Taufatofua appeared as Tonga's flag bearer in the Parade of Nations during the Olympics opening ceremony, which was held on 5 August 2016 in Rio de Janeiro, Brazil. During the parade, he wore nothing but a taʻovala (a Tongan mat which is wrapped around the waist), with his face and torso appearing noticeably shiny.
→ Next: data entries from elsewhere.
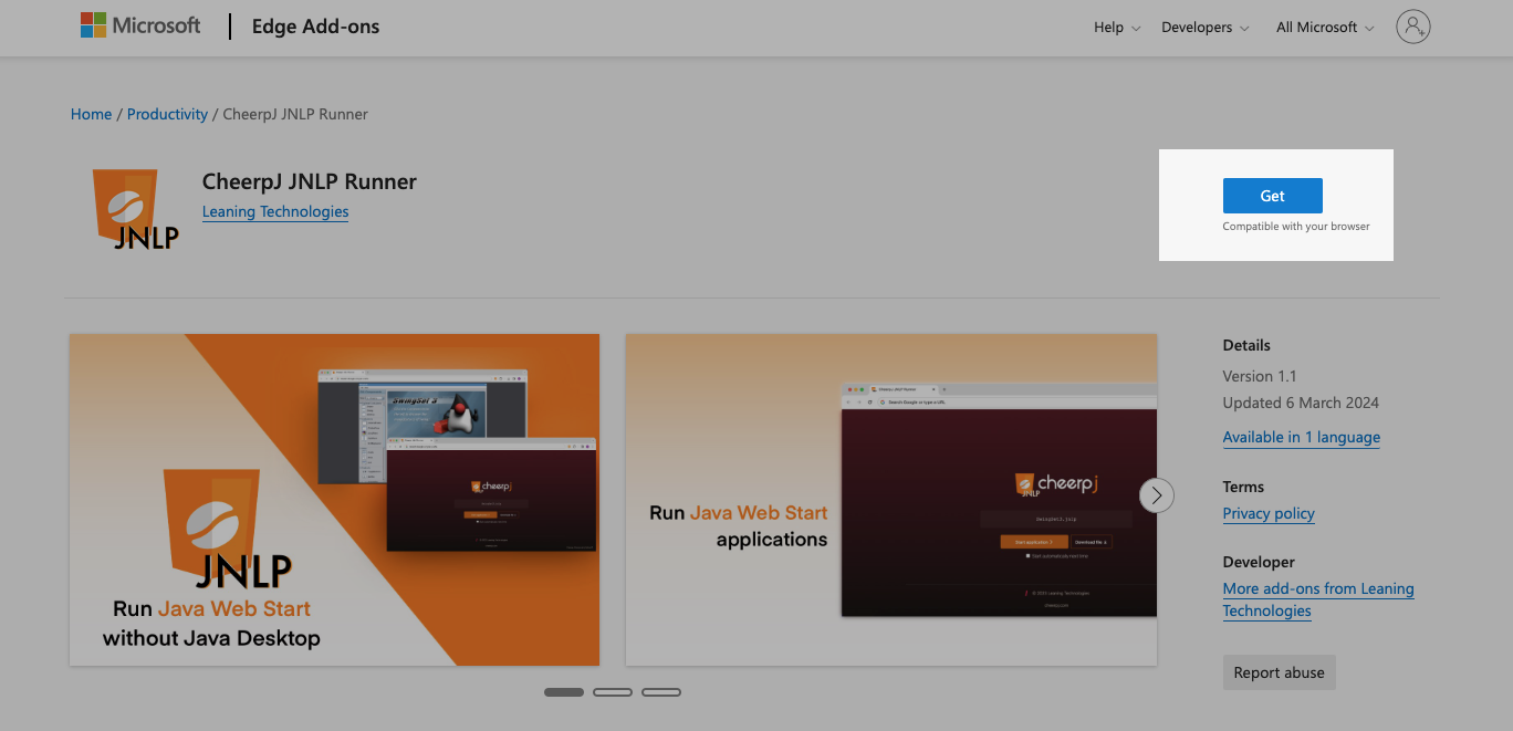 This tutorial will take you step by step on how to install the CheerpJ JNLP Runner extension for Edge.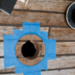 After that, it was time to move on to the stanchion bases and the bow pulpit, where we followed the same basic process of removing the requisite hardware; cleaning up the deck and the stainless steel bases; taping around the area to be sealed; wiping down everything with mineral spirits to ensure good adhesion; then bedding both the bases and screws with LifeSeal.
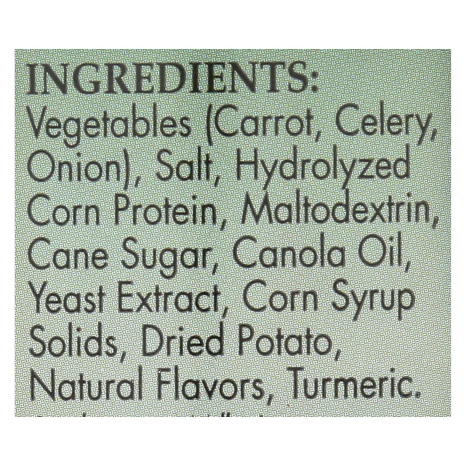 ingredients : vegetables (carrot, celery, onion);salt;hydrolyzed corn protein;maltodextrin;cane sugar;canola oil;yeast extract;corn syrup solids;dried potato;natural flavors;turmeric

Initially, many assumed that he was sweating profusely, but it became apparent that he had applied copious amounts of oil to his torso. Taufatofua's shirtless, oiled-up appearance garnered him fame on social media as footage of his appearance went viral.

During the taekwondo tournament, Taufatofua was eliminated in his first bout by the Iranian Sajjad Mardani once the score escalated to 16–1. Taufatofua made an appearance at the closing ceremony of the games, showing up after a musical number in the same costume he wore during the Parade of Nations.
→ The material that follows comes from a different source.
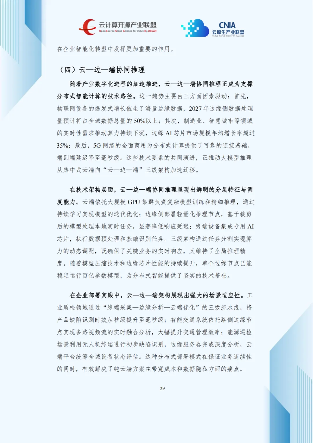 云—边—端协同推理凭借分布式架构适配物联网与实时场景,预计2027年设备端与边缘服务器推理负载占比达84%。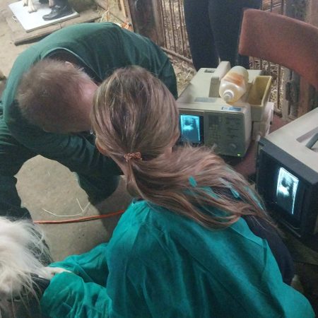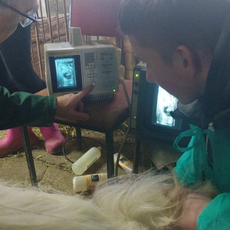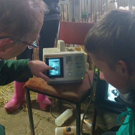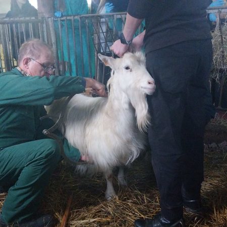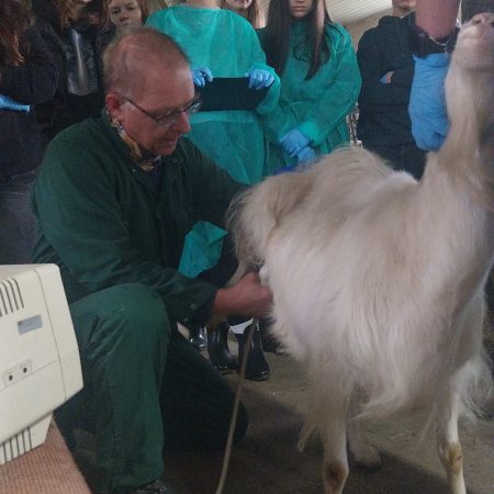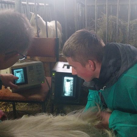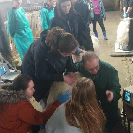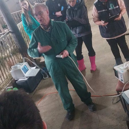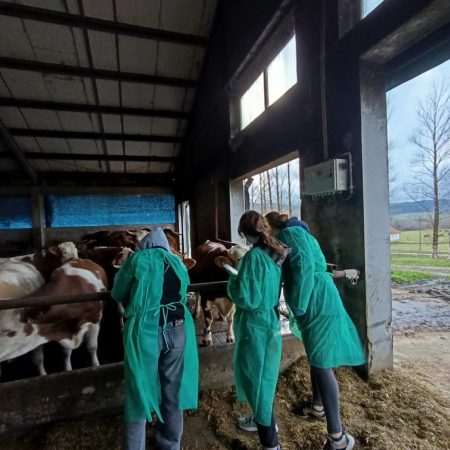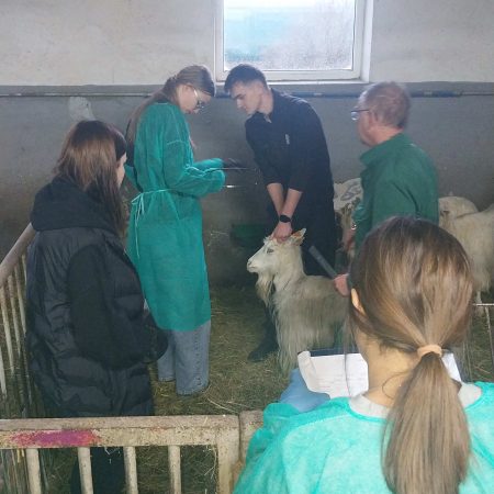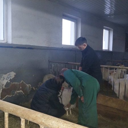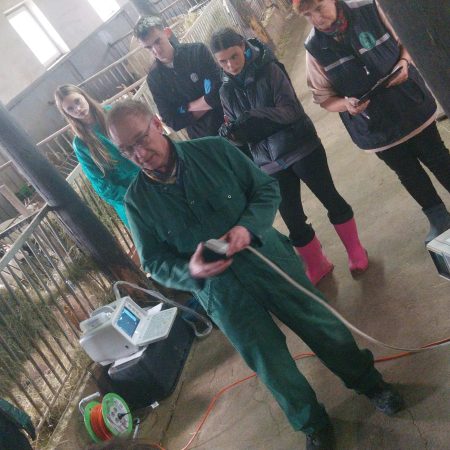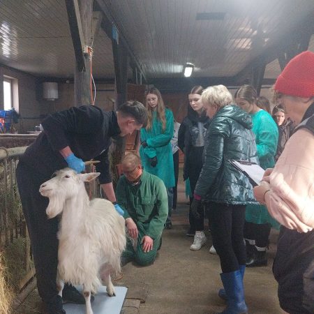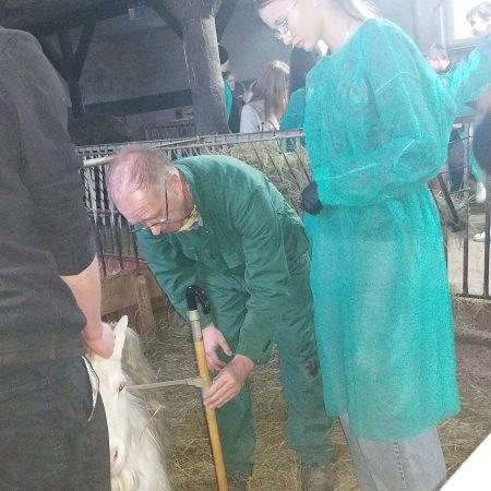 W dalszej części spotkania duża grupa uczniów przejechała do Zakładu Doświadczalnego IZ PIB w Odrzechowej, gdzie uczestniczyła w zajęciach terenowych. Cała grupa została podzielona na dwie części. Jedni uczniowie przeprowadzili badanie skuteczności przeprowadzonej stanówki kóz – badanie USG ciąży, a także pomiary masy ciała kóz w stadzie i wykonanie pomiarów zoometrycznych. Osoby odpowiedzialne za zajęcia terenowe w koziarni to dr inż. Jacek Sikora ZHOK IZ PIB, mgr Oliwia Szczęsna ZD IZ PIB Odrzechowa. Druga grupa uczniów zwiedzała stajnie i określała dobrostan i zdrowotność koni rasy huculskiej, a następnie zwiedzili tradycyjną i nowoczesną oborę krów rasy simental. Gospodarzami spotkania byli dr inż. Władysław Brejta Prezes ZD IZ PIB Odrzechowa i mgr inż. Sławomir Jurkowski ZD IZ PIB Odrzechowa.

==== 2018 Winter Olympics====
As Tonga's only representative in the 2018 Winter Olympics, Taufatofua was again the flagbearer for his country in the 2018 Winter Olympics Parade of Nations. Despite the temperatures being below freezing—and telling the media before the ceremony that he would not walk shirtless—he again wore nothing but a traditional Taʻovala mat wrapped around his waist, baring an oiled chest and torso.

On Friday 16 February 2018, he competed in the 15km skiing freestyle race, coming in 114th place out of 119 skiers.
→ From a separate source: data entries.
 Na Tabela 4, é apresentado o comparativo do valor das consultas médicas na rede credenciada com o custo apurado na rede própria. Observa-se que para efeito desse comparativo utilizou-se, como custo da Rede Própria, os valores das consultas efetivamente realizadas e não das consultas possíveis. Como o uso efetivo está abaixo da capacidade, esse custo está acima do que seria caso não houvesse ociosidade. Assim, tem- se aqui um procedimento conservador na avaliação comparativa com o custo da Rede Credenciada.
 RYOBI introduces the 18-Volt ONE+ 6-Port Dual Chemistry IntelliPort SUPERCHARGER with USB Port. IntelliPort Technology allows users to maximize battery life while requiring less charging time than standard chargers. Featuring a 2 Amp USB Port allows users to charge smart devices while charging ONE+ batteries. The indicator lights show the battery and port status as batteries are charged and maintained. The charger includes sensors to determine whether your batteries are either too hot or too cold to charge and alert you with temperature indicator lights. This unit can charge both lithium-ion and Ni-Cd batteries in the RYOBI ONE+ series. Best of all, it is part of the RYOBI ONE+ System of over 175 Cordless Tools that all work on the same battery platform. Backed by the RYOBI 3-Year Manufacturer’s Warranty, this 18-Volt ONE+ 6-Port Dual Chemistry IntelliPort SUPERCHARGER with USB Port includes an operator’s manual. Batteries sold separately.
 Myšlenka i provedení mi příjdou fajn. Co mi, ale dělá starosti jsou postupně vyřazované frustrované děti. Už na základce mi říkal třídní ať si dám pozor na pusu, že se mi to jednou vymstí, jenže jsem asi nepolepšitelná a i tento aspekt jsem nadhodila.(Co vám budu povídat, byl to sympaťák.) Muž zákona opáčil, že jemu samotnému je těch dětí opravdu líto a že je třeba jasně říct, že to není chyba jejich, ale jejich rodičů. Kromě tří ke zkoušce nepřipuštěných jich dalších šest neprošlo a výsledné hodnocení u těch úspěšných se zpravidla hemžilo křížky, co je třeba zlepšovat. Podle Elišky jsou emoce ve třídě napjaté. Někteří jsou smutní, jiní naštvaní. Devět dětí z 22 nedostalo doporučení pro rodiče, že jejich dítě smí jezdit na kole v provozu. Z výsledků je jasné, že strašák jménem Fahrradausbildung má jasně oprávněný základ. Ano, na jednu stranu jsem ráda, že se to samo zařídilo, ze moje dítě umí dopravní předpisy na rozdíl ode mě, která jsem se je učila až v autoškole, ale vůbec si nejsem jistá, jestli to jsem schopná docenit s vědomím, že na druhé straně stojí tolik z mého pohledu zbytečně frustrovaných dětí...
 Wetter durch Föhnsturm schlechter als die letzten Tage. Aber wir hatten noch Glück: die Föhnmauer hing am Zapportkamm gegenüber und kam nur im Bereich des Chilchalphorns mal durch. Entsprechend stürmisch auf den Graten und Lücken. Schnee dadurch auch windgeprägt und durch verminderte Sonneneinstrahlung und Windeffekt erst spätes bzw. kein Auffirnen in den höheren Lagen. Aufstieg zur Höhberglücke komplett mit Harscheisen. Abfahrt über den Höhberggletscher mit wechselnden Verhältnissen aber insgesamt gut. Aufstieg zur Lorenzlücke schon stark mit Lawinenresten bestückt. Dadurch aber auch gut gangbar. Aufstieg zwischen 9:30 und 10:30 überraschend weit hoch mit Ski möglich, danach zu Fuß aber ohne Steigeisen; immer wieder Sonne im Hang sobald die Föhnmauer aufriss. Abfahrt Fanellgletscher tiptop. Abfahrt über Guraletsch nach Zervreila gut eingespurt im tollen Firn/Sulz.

==== 2020 Summer Olympics====
Taufatofua led his nation in the 2020 Opening Ceremonies, again shirtless and oiled; however, this time he had a co-flagbearer, Malia Paseka, who was also there to compete in Taekwondo. This marked the third time the Tongan Olympian carried his country's flag in tapa cloth (a form of traditional Tongan clothing). In addition to showing off his oiled physique, Taufatofua also wore a pearl necklace in tribute to those who had recently passed (namely as a result of the COVID-19 pandemic) as well as in dedication to his parents and family. The black pearl featured on the necklace held personal significance to him and his family. Prior to the opening ceremonies, Taufatofua shared a photograph of the necklace on Instagram, beginning the caption with the words, "FOR THOSE WE LOST - you will always be a pearl in the safety of our hearts."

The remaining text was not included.